Семен Петрович понимающе хмыкнул и больше не расспрашивал, зато о себе, о нынешних бедах родного города рассказал охотно, не таясь, не скрывая своей ненависти и злобы к захватчикам. Со слов Барыбина получалось, что и в Калуге шла тайная война с оккупантами. «Жаль, что об этом ничего не знает наш комиссар», — думалось Терехову.

А старик торопился поделиться горькими новостями, всем, что наболело на сердцем:

— Вступили они в Калугу в ночь на двенадцатое октября. А уже утром и днем из многих квартир жильцов на улицы повыгоняли. Чтобы, значит, господам офицерам удобнее было… Да!.. И ихний комендант сразу объявился. И где, думаешь, устроился? В краеведческом музее!

— Это на Пушкинской? — спросил Илья.

— Да. У Каменного моста. Вверху комендант, внизу жандармерия. И сразу приказы посыпались. Всем жителям перерегистрироваться. Евреям желтые знаки на спине носить. На работу выходить и старым и малым. За невыполнение — порка, за повторное неповиновение — расстрел. Меня, старика, тоже не обошли. Я и так и сяк, глаза, говорю, плохие, а они, сволочи, револьвер к лицу. «Видишь?» — «Вижу!» — «Будешь на грузовике в управе работать, дрова из леса возить». Покорился.

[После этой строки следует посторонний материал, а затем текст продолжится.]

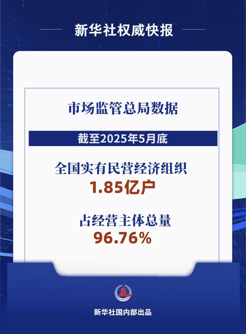 市场监管总局数据显示,截至2025年5月底,全国实有民营经济组织1.85亿户,占经营主体总量的96.76%,同比增长2.3%。其中,民营企业数量突破5800万户,同比增长5.2%;个体工商户达1.27亿户,同比增长1%。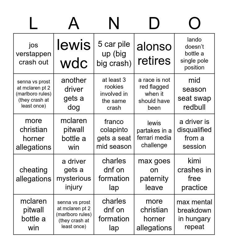 This bingo card has 50 words: mid season seat swap redbull, franco colapinto gets a seat mid season, 5 car pile up (big big crash), charles dnf on formation lap, a driver gets a mysterious injury, george dnfs last or second to last lap of a race, lewis wdc, mclaren wcc, senna vs prost at mclaren pt 2 (marlboro rules) (they crash at least once), valtteri stands in for a race, another driver gets a dog, alonso retires, kimi crashes in free practice, max goes on paternity leave, kimi crashes in free practice, a driver is disqualified from a session, at least 3 rookies involved in the same crash, lewis partakes in a ferrari media challenge, lando wdc, lando doesn’t bottle a single pole position, mclaren pitwall bottle a win, more christian horner allegations, jos verstappen crash out, a race is not red flagged when it should have been, cheating allegations, max mental breakdown in hungary repeat, mid season seat swap redbull, franco colapinto gets a seat mid season, 5 car pile up (big big crash), charles dnf on formation lap, a driver gets a mysterious injury, george dnfs last or second to last lap of a race, lewis wdc, mclaren wcc, senna vs prost at mclaren pt 2 (marlboro rules) (they crash at least once), valtteri stands in for a race, another driver gets a dog, alonso retires, max goes on paternity leave, a driver is disqualified from a session, at least 3 rookies involved in the same crash, lewis partakes in a ferrari media challenge, lando wdc, lando doesn’t bottle a single pole position, mclaren pitwall bottle a win, more christian horner allegations, jos verstappen crash out, a race is not red flagged when it should have been, cheating allegations and max mental breakdown in hungary repeat.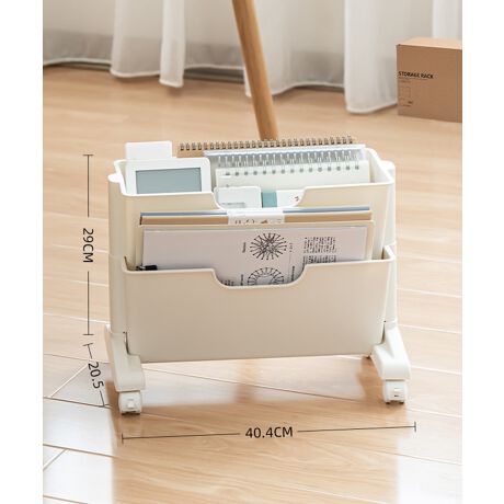 ファイルや本・書類を収納/整理できるキャスター付のファイルワゴン。仕切り付きで仕分けができる、 高品質PPを使用し1段の斜め棚を採用した、取り出しやすいワゴン。2段でデスク下用収納にも最適。オフィスや家庭向けの、本棚・ファイル収納に。 参考書籍を、すぐ手の届くデスク下に収納 デスク下のデッドスペースを最大限に活用するためのワゴンです。 デスク周りに置いておきたい参考書籍を収納し、デスクで作業をしながら使いたいときに便利です。 傾斜のある棚を採用しているので、デスク下でもスムーズに本の収納・取り出しができ、 水平の棚と比較して本が倒れにくい設計となっております。 荷物置きとしても ファイルやカバン以外にも防災グッズやタオルケット、除菌スプレーなどの荷物置きとしても活用できます。ファイルとカバンや小物類も一緒まとめられ るので、デスク上も足元もすっきり空間を実現できます。 スムーズに取り出せるキャスター付き 移動に便利なキャスター付きなので、掃除や物を取り出す際にも楽に動かすことができます。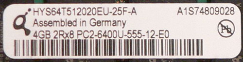 Модули объемом 4 ГБ основаны на 16 микросхемах в BGA-упаковке в конфигурации 512M x 64. Производитель гарантирует стабильную работу модулей в режиме DDR2-800 при таймингах 5-5-5 (значение RAS в описании не упомянуто, а по SPD равно 18) и питающем напряжении 1,8 В, этот режим и выбран в микросхеме SPD в качестве режима по умолчанию. Продаются модули в OEM-варианте поставки, соответственно, никакого отбора и объединения в 2-канальные комплекты производитель не предлагает. Данные микросхемы SPD модуля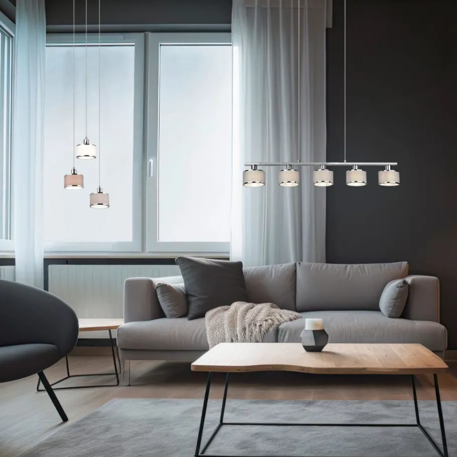 De armatuurserie KAPRUN – warme flair gecombineerd met licht! De geslaagde combinatie van cilindrische vormen en hoogwaardig textielweefsel creëert een sfeer van elegantie en lichtharmonie. De drielichts pendelarmatuur zorgt bovendien voor warme reflecties en een gezellig, uitnodigend lichtspel boven een eettafel of aanrecht. De chique kleurnuances in chroom, grijs, bruin en wit geven je huis een individueel tintje en onderstrepen het wow-effect. Het gebruik van LED lichtbronnen wordt aanbevolen voor energiebesparende verlichting. Deze vormen een ideaal alternatief voor conventionele halogeenlichtbronnen en bieden een hoge lichtkwaliteit en energiebesparingen tot 80%. Met LED lichtbronnen profiteert u ook van een lange levensduur en een lage warmteontwikkeling, terwijl het milieu wordt beschermd.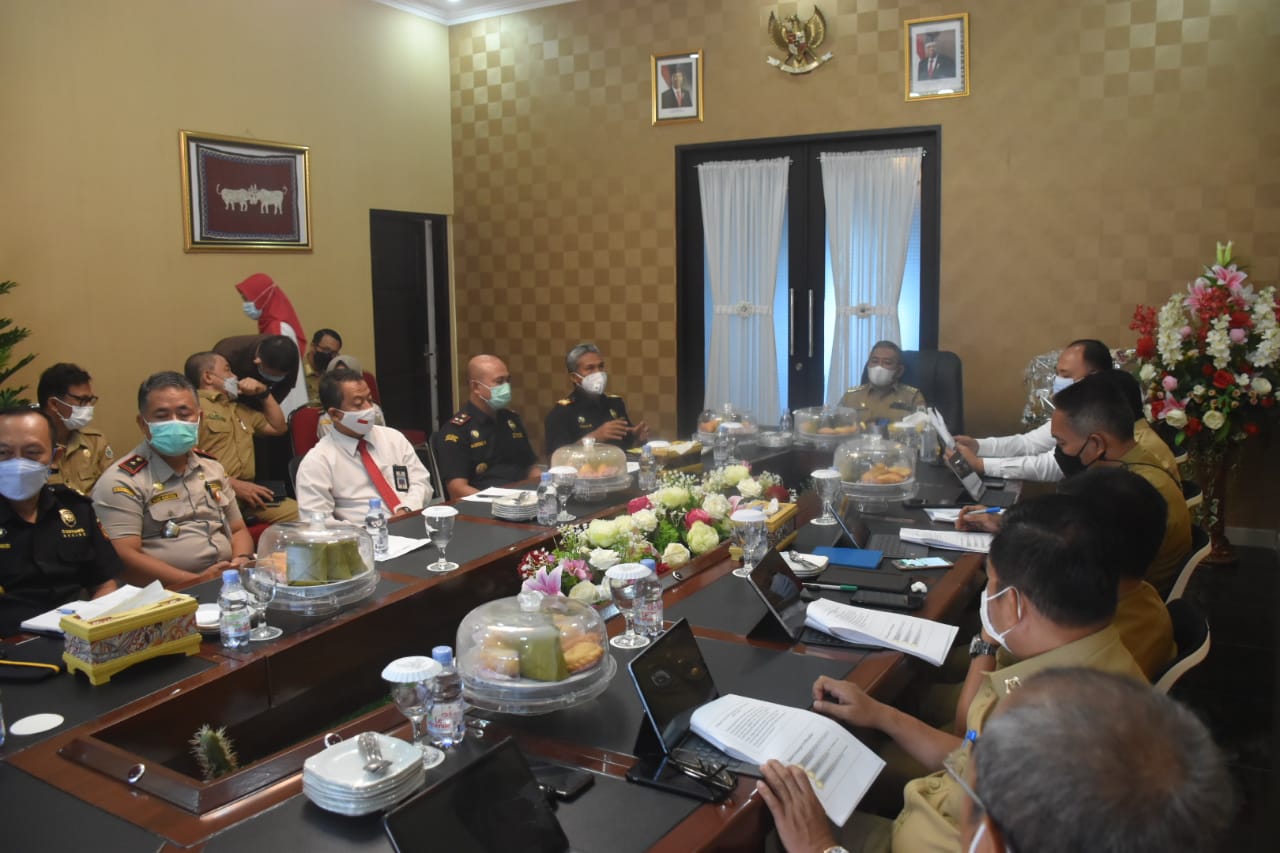 MAMUJU,RAKYATSULBAR.COM–Gubernur Sulbar Ali Baal Masdar bersama Kepala Kantor Wilayah Ditjen Bea dan Cukai (Kakanwil DJBC) Sulawesi Bagian Selatan, Barat dan Tenggara, Parjiya dan Kepala Kantor Wilayah Ditjen Perbendaharaan (Kakanwil DJPb) Sulbar, Imik Eko Putro, melakukan rapat di Rumah Jabatan Gubernur Sulbar, Senin (14/06/2021)
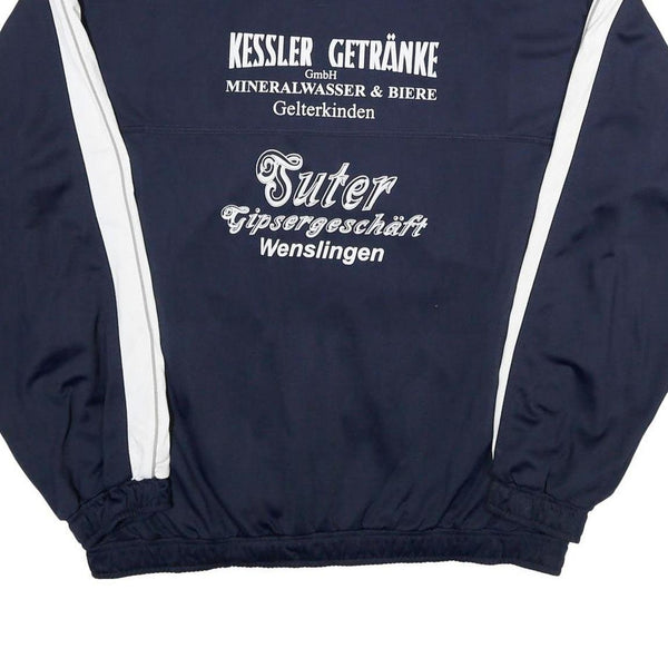 This mens PUMA track jacket features a classic navy blue base complemented by white stripes running along the shoulders and sleeves. The front proudly displays the PUMA logo on the right chest and an embroidered football club text logo on the left chest, adding sporty visual interest. The rear showcases white advertising text graphics for Kessler Getranke and Suter Tipsergeschaft, giving the jacket a distinctive vintage sports aesthetic.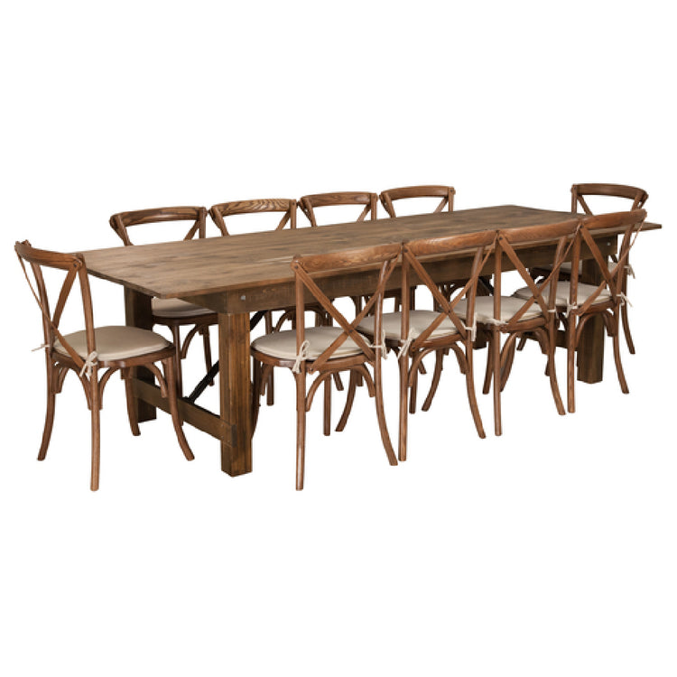 The Flash Furniture XA-FARM-15-GG Hercules Series Farm Table Set features an antique rustic design that adds charm and functionality to various settings. This set includes a rectangular folding table measuring 108 inches wide, 40 inches deep, and 30 inches high, constructed with solid pine for durability. The plank top and wood base offer a classic aesthetic, while practical features such as leg locks and push in/push out leg pins enhance stability and ease of use. Accompanying the table are ten stacking chairs, each with dimensions of 20-1/4 inches wide, 23-1/4 inches deep, and 35 inches high, and a notable weight capacity of 400 pounds. The chairs are crafted from pecan finish ash wood and include cross backs, seats, and frames with additional seat cushions for comfort. Plastic floor glides protect flooring surfaces, making this set ideal for both commercial and residential use. The product is shipped in six boxes and is typically available for shipping within 24 hours, offering convenience and reliability. The robust construction and thoughtful design make this table set a versatile choice for hosting events, dining experiences, or as a staple in restaurant settings, providing a blend of style and practicality.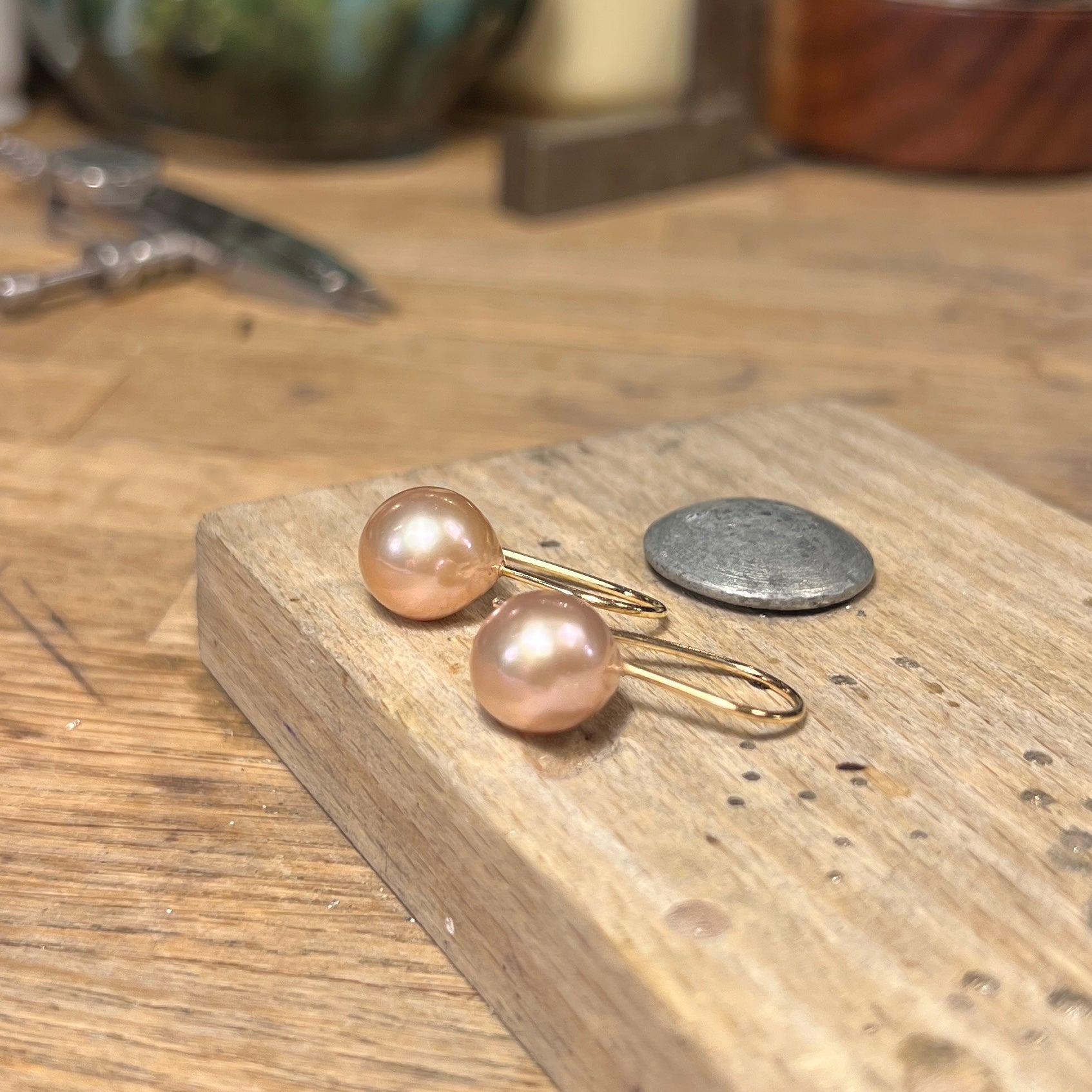 Guldørekroge med rosa uensartede ferskvandsperler 10 mm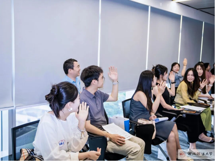 在新老校友互动环节,新校友依次自我介绍,并提出关于职业方向选择、工作压力下的学习规划与时间管理等现实问题。老校友们纷纷结合自身经历积极回应,围绕“律师或法务发展路径”“行业新趋势”“视野拓展与自我提升”等话题展开深入交流。现场一度出现“抢答”的热烈场面,大家争相分享经验,气氛真挚而动人。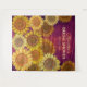 Pintura de acuarela elegante de girasoles con textura de madera rústica púrpura. Nombre y fecha para personalizar.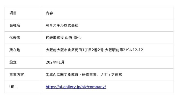 AIリスキル株式会社は、生成AIを活用したコンテンツマーケティングと事業成長支援を主軸とする企業です。日本最大級の生成AIプラットフォーム「AIツールギャラリー」を運営し、記事・動画・データを活用した集客・認知拡大・リード創出を支援しています。加えて、企業・自治体向けに生成AI研修やAI導入・開発支援も提供し、マーケティングと人材育成の両面からAI活用を推進しています。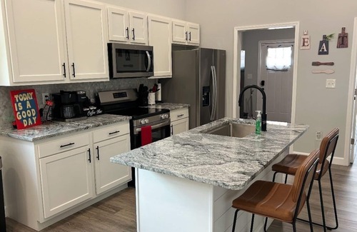 The Modern Slant is a beautifully decorated 3-bedroom, 2-full-bath home that offers the perfect blend of comfort, convenience, and contemporary flair for your stay.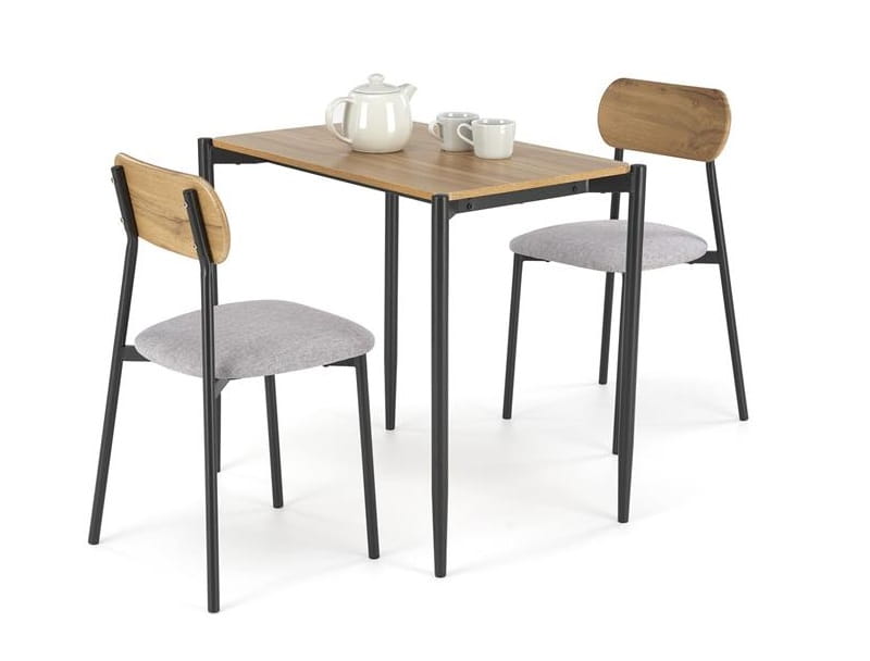 Stół Dandy wyróżnia się minimalistycznym designem, który łączy deseń naturalnego drewna na blacie z eleganckimi, czarnymi nogami. Taka estetyczna kompozycja z łatwością dopasuje się do każdego wnętrza, nadając mu nowoczesnego i stylowego wyglądu. Funkcjonalność tego zestawu sprawia, że będzie on idealnym rozwiązaniem zarówno do małych kuchni, jak i przytulnych jadalni.

А на третий день… — Семен Петрович с опаской зашептал: — На третий день кое-кого из хозяев недосчитались. Помнишь столовую у висячего моста?

Как же Илье не помнить! Сколько раз он забегал в эту столовую, если оказывался со своей машиной невдалеке от железнодорожной насыпи.

— Так вот, затеяли там кутеж фашистские офицеры. Только пьянку начали… — Семен Петрович даже сплюнул от волнения. — Взрыв! Недокутили, значит, всей компанией в преисподнюю попали. И шито-крыто, виновник неизвестен.

— Не нашли?

— Куда там. Людей-то расстреляли много, ни в чем не повинных. Хватали на улицах, кто на глаза попадался.

— Сволочи! — коротко выругался Илья.

— Расстрелять или повесить — это у них вроде детской забавы, — с горечью продолжал старик. — Недавно арестовали двадцать человек, видать, донес кто-то… Повели на базарную площадь вешать в назидание остальным. По пути одному арестованному удалось сбежать. Так что же ты думаешь? Гестаповцы какого-то паренька из толпы вытащили и вместо того, сбежавшего, повесили, чтобы, значит, точную цифру соблюсти. Вот такие дела у нас творятся. — Семен Петрович тяжело вздохнул и умолк.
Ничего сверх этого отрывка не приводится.